- Box Springs, Georgia Location within Georgia
- Coordinates: 32°31′58″N 84°39′40″W﻿ / ﻿32.53278°N 84.66111°W
- Country: United States
- State: Georgia
- County: Talbot
- Elevation: 367 ft (112 m)

Population (2020)
- • Total: 303
- Time zone: UTC-5 (Eastern (EST))
- • Summer (DST): UTC-4 (EDT)
- ZIP code: 31801
- Area codes: 706 & 762
- GNIS feature ID: 354828

= Box Springs, Georgia =

Box Springs is an unincorporated community and census-designated place (CDP) in Talbot County, Georgia, United States. The community is located in the county's extreme southwestern corner, 12.2 mi southwest of Talbotton. Box Springs has a post office with ZIP code 31801.
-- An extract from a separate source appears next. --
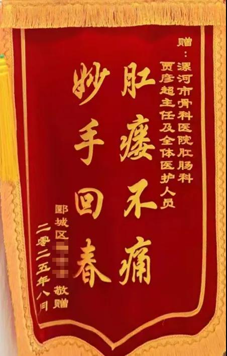 近日,在漯河醫專二附院(漯河市骨科醫院、漯河市立醫院)肛腸科,患者將一面寫有“肛瘺不痛,妙手回春”的錦旗送到了賈彥超主任手中,以此表達她對賈主任及其醫療團隊精湛醫術和貼心關懷的誠摯感謝。這面錦旗背后,是一段患者重獲健康、擺脫病痛折磨的暖心歷程。

The 2020 census listed a population of 303.

==History==
A post office has been in operation at Box Springs since 1853. The community was named for a local spring that was boxed in and used as a watering stop for the railroad. Pipes were run from the "boxed-spring" to a water tower adjacent to the tracks. The name Boxed Spring was later changed to Box Springs, as it was easier to pronounce.

The Georgia General Assembly incorporated the place as the "Town of Box Springs" in 1913. The town's charter was dissolved in 1931.

==Demographics==

Box Springs was first listed as a census designated place in the 2020 census.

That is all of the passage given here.